Hadi menambahkan, kendala yang dihadapi nelayan eks Cantrang adalah terkait kepengurusan dokumen, cek fisik kapal, dan terkendala finansial karena kepengurusan perijinan yang mulai dari nol hingga lengkap membutuhkan dana yang tidak sedikit.
"Kendala paling berat di pendanaan, karena semua proses perijinan dari nol lagi. Pungutan per 1 gross ton berat kapal sekitar Rp1.680.000, kalau kapalnya berbobot 100 gross ton berarti butuh biaya Rp168.000.000. Belum lagi proses perubahan gross akte, surat ukur, proses penerbitan dokumen lainnya, itu juga butuh biaya," keluhnya.
Dalam proses pengurusan perijinan melaut, para pemilik kapal dan nelayan eks cantrang berharap diberikan diskresi sambil menunggu penyelesaian perizinan peralihan eks cantrang ke alat tangkap jaringan tarik berkantong.
Paling tidak, nelayan diperbolehkan untuk melakukan satu hingga tiga kali trip melaut, agar persoalan finansial dalam mengurus perizinan tersebut bisa tercover. Namun permintaan diskresi melaut oleh para pemilik kapal dan nelayan eks cantrang tersebut tampaknya belum bisa terpenuhi.

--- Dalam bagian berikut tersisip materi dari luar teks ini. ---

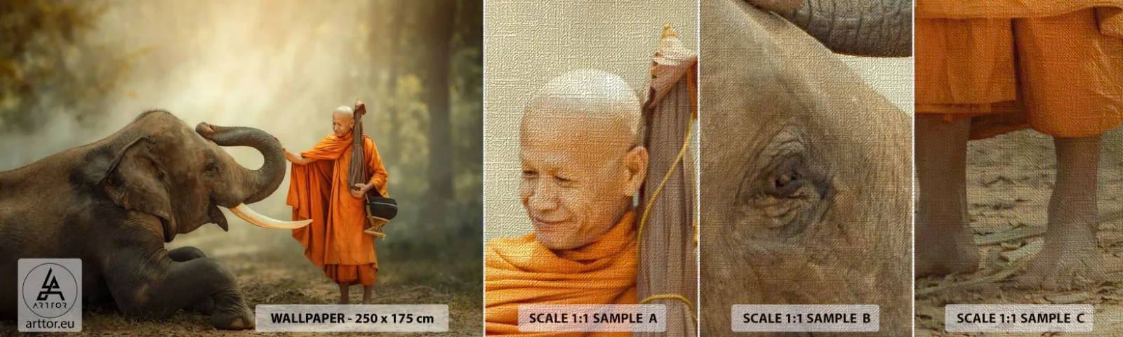 Échantillon de Papier Peint Premium Canvas - Rencontre en voyageant - Asie, Éléphant, Moine - 100x30 cm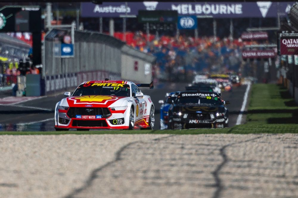 In an action-packed race Kostecki, who was feeling better after falling ill on Thursday, watched as Matt Payne led away from pole position. Kostecki stalked the Grove Racing Ford Mustang for the opening four laps, before the Dick Johnson Racing Mustang found a way through to the lead.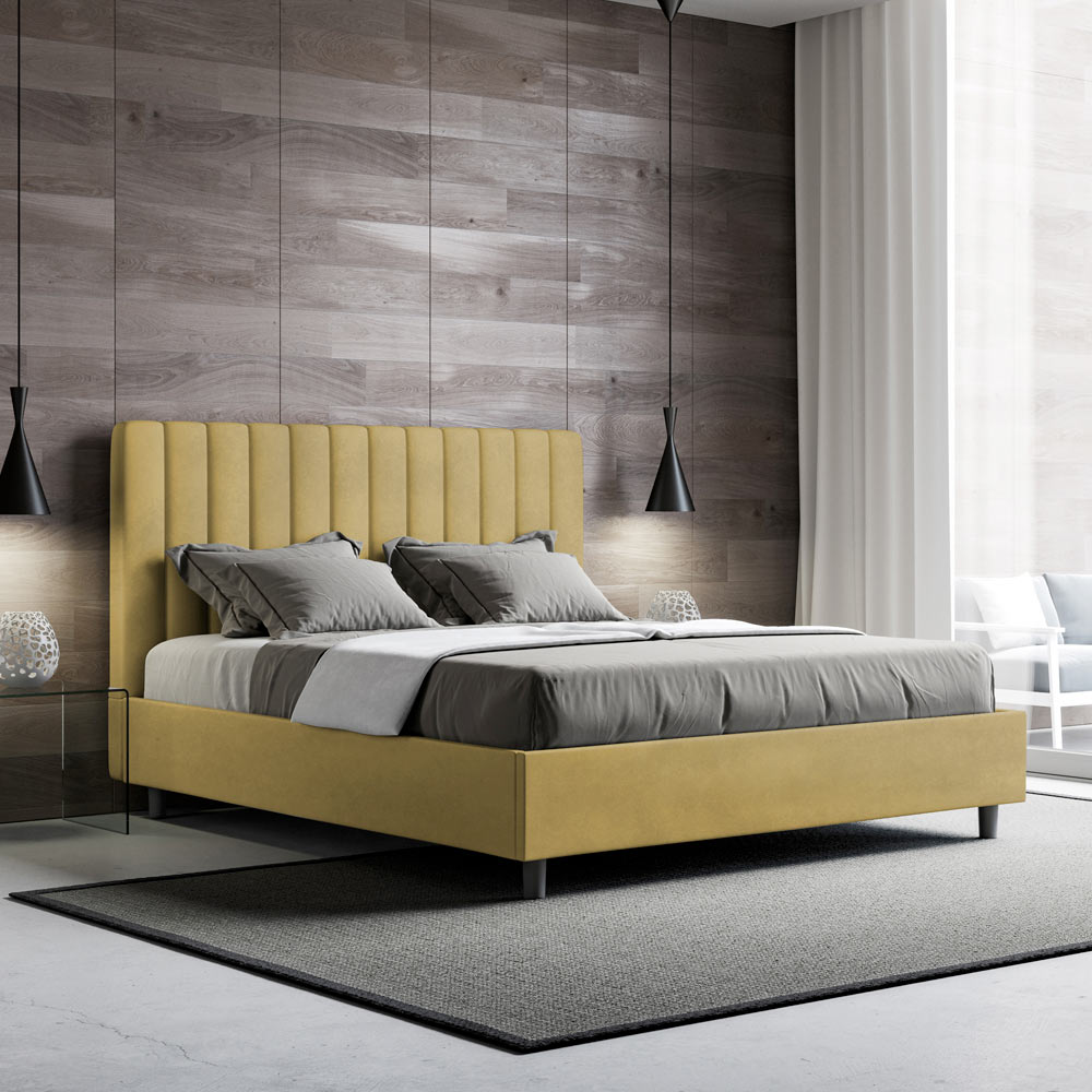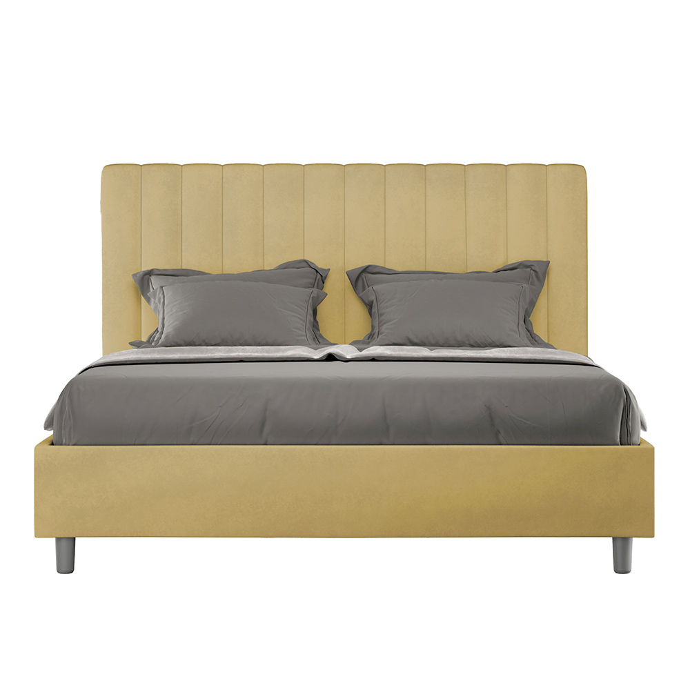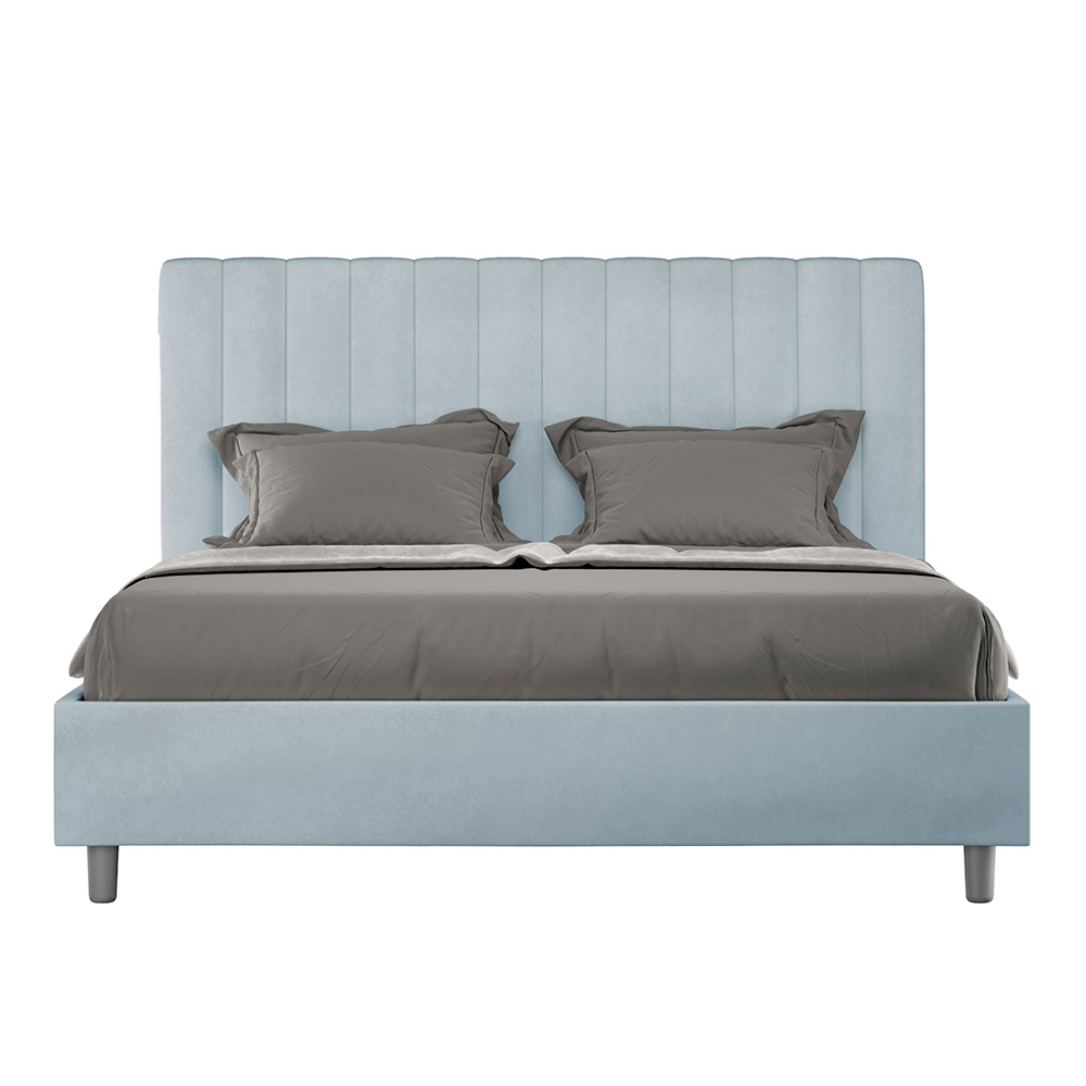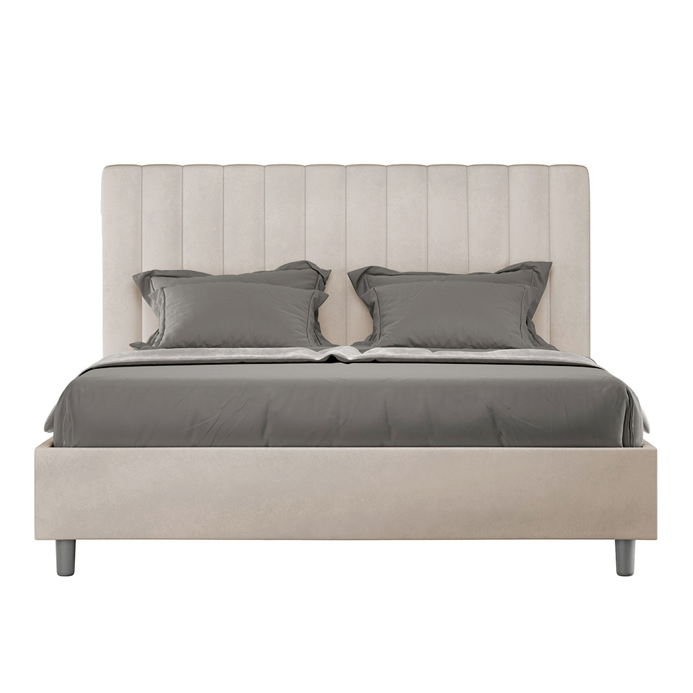 Gepolstertes Doppelbett (160 x 200 cm) aus Spanplatten mit Mikrofaserbezug , vollständig Made in Italy. Dieses Doppelbett mit gepolstertem Rahmen ist ideal für alle, die ein stilvolles Möbelstück suchen, ohne dabei zu aufdringlich zu wirken. Das minimalistische Kopfteil mit seiner dezenten Steppung aus symmetrischen, vertikalen Linien fügt sich harmonisch in jedes Ambiente ein, ob modern oder klassisch.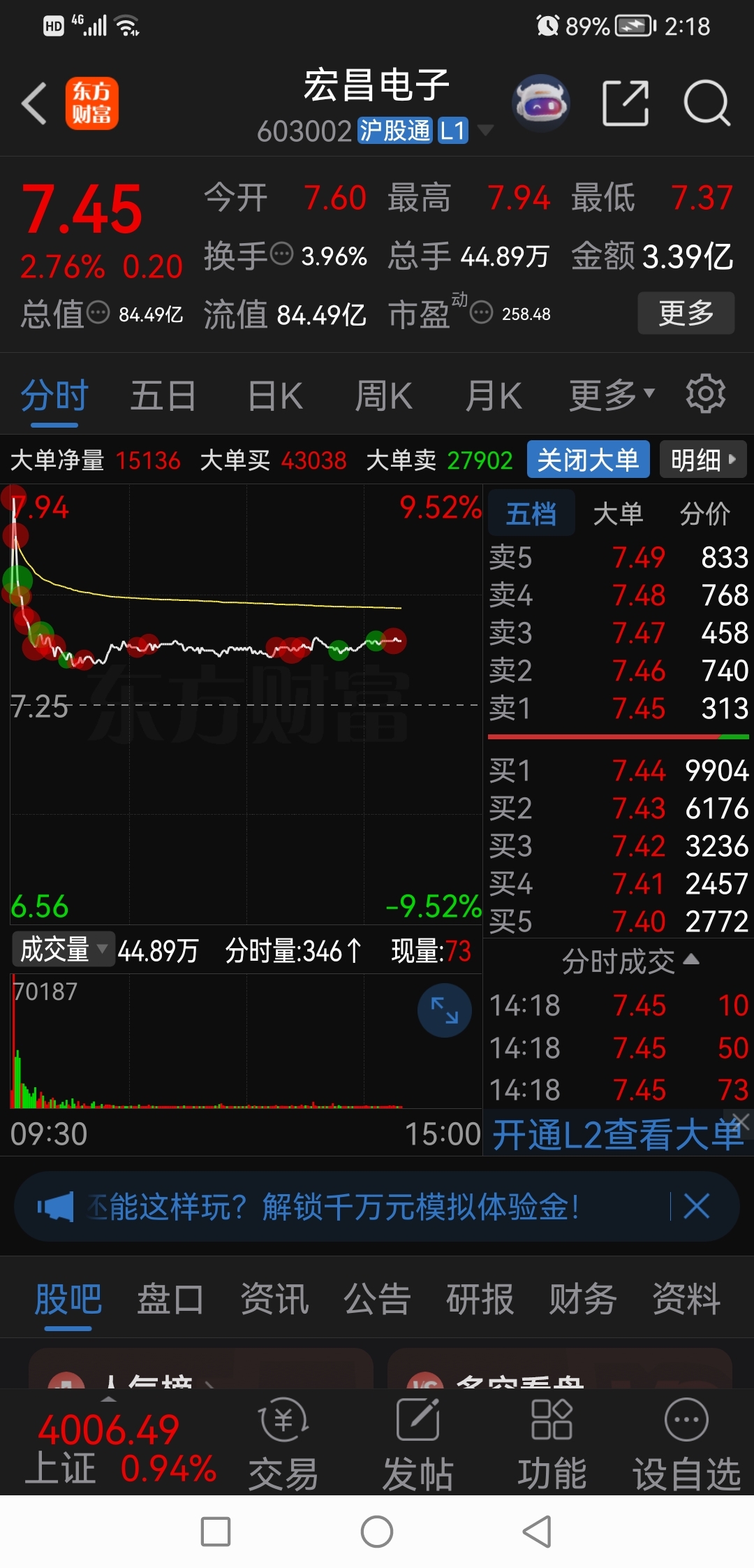 $宏昌电子(SH603002)$ 做空宏昌庄家今天赢麻了,多头庄家资金买入八千多万。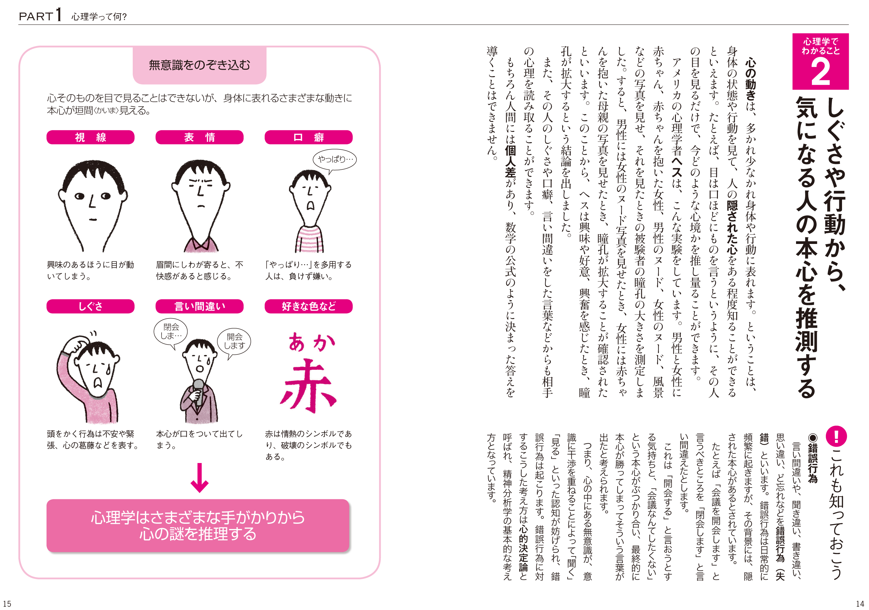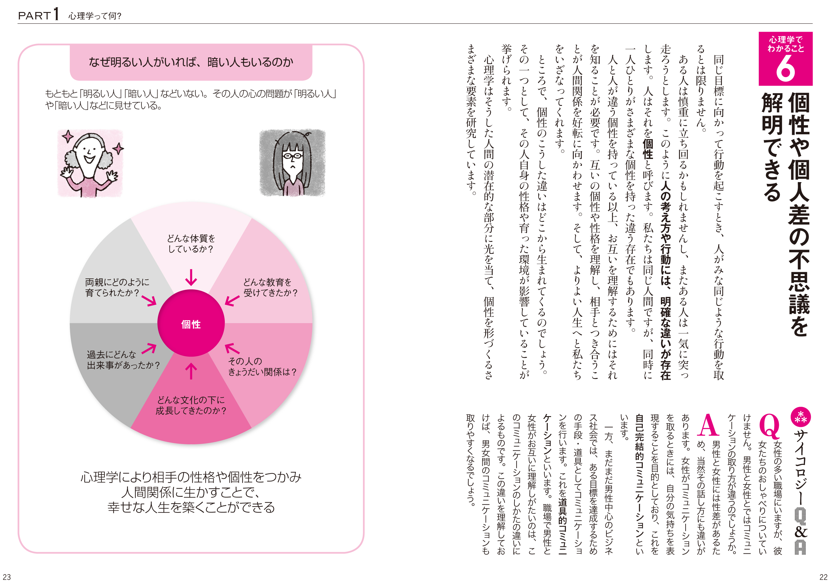 気持ち・性格・考え方・記憶力・心の病…人それぞれに違う心とは、いったい何なのか?その不思議を、テーマごとにわかりやすいイラストや図表付きで解説しました。心理学や心理学者のこと、脳のしくみ、また、人付き合いや仕事に生かせる実践的な心理分析法などもあり、充実の内容です。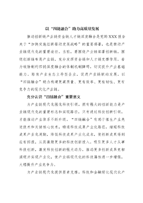 以四链融合助力高质量发展推动创新链产业链资金链人才链深度融合是党的XXX报告关于加快实施创新驱动发展战略的重要部署,也是推动产业链现代化的重要途径。当前,要围绕产业链部署创新链,围绕创新链布局产业链,充分发挥资金链和人才链支撑作用,着力破除制约四链深度融合的体制机制障碍,切实提升产业基础能力,培育产业生态主导型企业,促进产业链联动发展,以四链融合助力构建更高质量、更有效率、更有韧性、更有竞争力的现代化产业链。 充分认识四链融合重要意义为产业链现代化强化科技引领。拥有强大的创新能力是产业链现代化的重要标志和实现路径,只有通过科技创新引领,才能推动产业体系不断升级。四链融合有助于催生产业先进技术和关键核心技术,畅通科技成果产业化路径,缩短科技成果产业化周期,降低科技成果产业化成本,使创新成果得到应有回报,从而激励更多的科技创新投入,吸引更多人才从事科技创新,激发科技创新的强大动力,推动更多创新成果竞相涌现并实现产业化,使产业链现代化的科技属性进一步增强,大幅提升产业竞争力。为产业链现代化提供要素支撑。科技和金融好比现代化产业发展的任督二脉,畅通科技—产业—金融循环,推动创新链产业链资金链人才链深度融合,是推动产业链现代化、保持产业体系先进性的重要途径。同时,人力资本是知识积累和技术进步的源泉,技术积累及其外部性引起的规模收益递增是经济长期持续增长的主要动力,也是产业链现代化的关键要素。数据作为关键生产要素,和传统意义上的资本、劳动、土地、企业家才能等要素汇聚成为现代产业的生成源泉。推动四链融合,需要拥有数量庞大、质量优良、结构合理、配置高效的科技、金融、人才、数据等优质要素,并且建立起要素之间的协同机制,优化要素配置,提升要素效率,如此才能为产业链现代化提供关键要素支撑。为产业链现代化构筑良好生态。通过四链融合,构筑包含政、产、学、研、金、服、用各环节的创新创业共同体和产业集群公共服务综合体,打造政府、企业、高校、科研院所、创新服务机构等主体高效协同,知识、技术、资金、人才、数据等要素集聚融通的产业创新生态,促进各类主体协同创新、融合发展,形成高效运转的科创产业加速器孵化器倍增器,有助于促进产业基础能力强化、运行模式优化、产业链控制力增强和治理能力提升。 找准四链融合推动产业链现代化的重要抓手文可居文库——海量学习资料,手机电脑均可下载www.wenkeju.com以四链融合构筑现代化产业链新基座。当前,我国产业链水平和欧美国家的差距主要集中在产业基础能力方面,具体包括底层工业数据和设计软件、研发设备、测试仪器、关键零部件和材料等。为此,应通过四链融合,重点加大对基础零部件、关键材料、工业软件、检验检测平台、新型基础设施等领域的投入力度,加快完善新型举国体制,强化协同,组织实施产业基础能力攻关工程,推动实施重大示范工程,加快补齐产业基础短板。适应5G、人工智能、量子通信等产业发展需求,加快建设信息网络基础设施、智能应用场景、工业互联网平台、大数据中心等基础设施,加快构建以新一代信息技术和数字化为核心的新型基础设施,支撑制造业数字化、网络化、智能化、绿色化发展。以四链融合培育现代化产业链新主体。在一个行业中产业生态主导型企业是劳动生产率、经济总量、技术水平、发展态势、社会影响力等方面均具有领先地位的企业,是行业发展的标杆。推动产业链现代化,产业生态主导型企业不可或缺。要加强符合产业需求的创新成果供给,增加促进创新成果应用的场景和市场供给,强化支撑产业创新的人才供给,打造具有战略性和全局性的产业链,推动优势企业以核心技术、知识产权、自主知名品牌、优质独特产品、标准制定、营销网络为依文可居文库——海量学习资料,手机电脑均可下载www.wenkeju.com托,增强对产业链供应链上下游的资源整合能力,加快成为在全球产业分工体系中具有主导能力的产业生态主导型企业。以四链融合拓展现代化产业链新空间。要从时空两方面统筹抓好产业链现代化建设。一方面,要结合短板产业、优势产业、传统产业、新兴产业和未来产业在发展不同环节、不同阶段的科技、金融和人才需求,建立完善相应的科技创新体制、金融服务体制和人力资源供给机制。推动建立适应短板产业补链、优势产业延链、传统产业升链、新兴产业建链等不同产业链发展需求的针对性创新研发机制。加强教育、科技、人才一体化推进机制,结合国家发展战略需求和产业升级发展特点定制高校人才培养体系和课程体系,建设智慧教室等硬件平台,促进人才培养与科技研发、产业发展需求相衔接。另一方面,要统筹推进产业国内有序转移、现代产业集群建设和国际产业合作。推动产业在国内有序转移,在中西部地区建设现代化产业基地,拓展新型工业化的战略腹地。支持产业准入地与转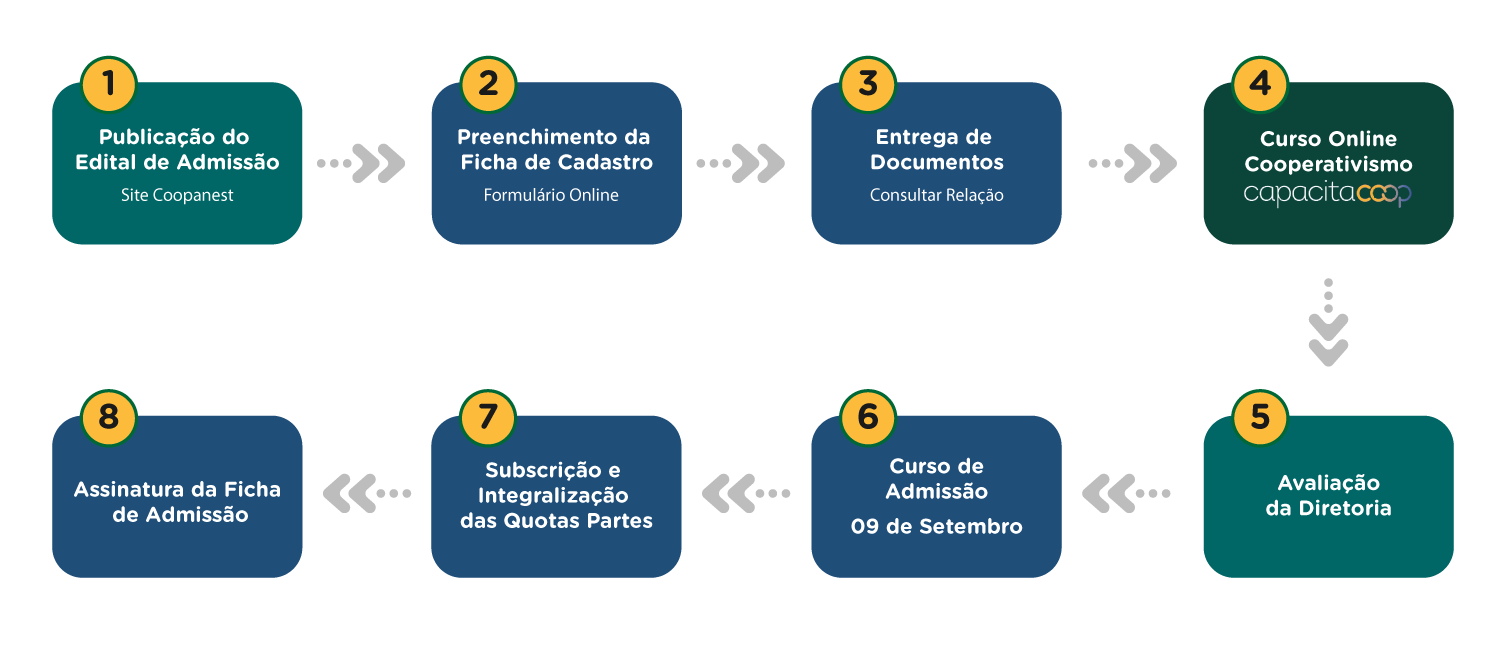 Conforme disposto no parágrafo 2º do Artigo 8º, “O candidato participará obrigatoriamente do Curso de Admissão de Cooperados com duração, de, no mínimo, 16 (dezesseis) horas.”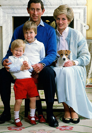Princ Charles a princezna Diana doma v Kensingtonském paláci se svými syny princem Williamem a princem Harrym v prosinci 1986.

Nelayan dipaksa untuk menyelesaikan perizinan, namun dalam mengurus perizinan masih banyak kendala yang terjadi di lapangan.
Sebelumnya keluar surat perintah dari Kakorpolairud Baharkam Polri dan perintah Direktur Kapal Pengawas PSDKP mengatur kapal nelayan yang melaut menggunakan alat tangkap cantrang harus mengurus perizinan peralihan alat tangkap.
Pemerintah melalui Kementerian Kelautan dan Perikanan (KKP) menegaskan zero tolerance sekaligus bakal memberlakukan sanksi terhadap kapal cantrang yang masih beroperasi di kawasan perairan dalam rangka memastikan penangkapan ikan terukur dapat terlaksana dengan baik.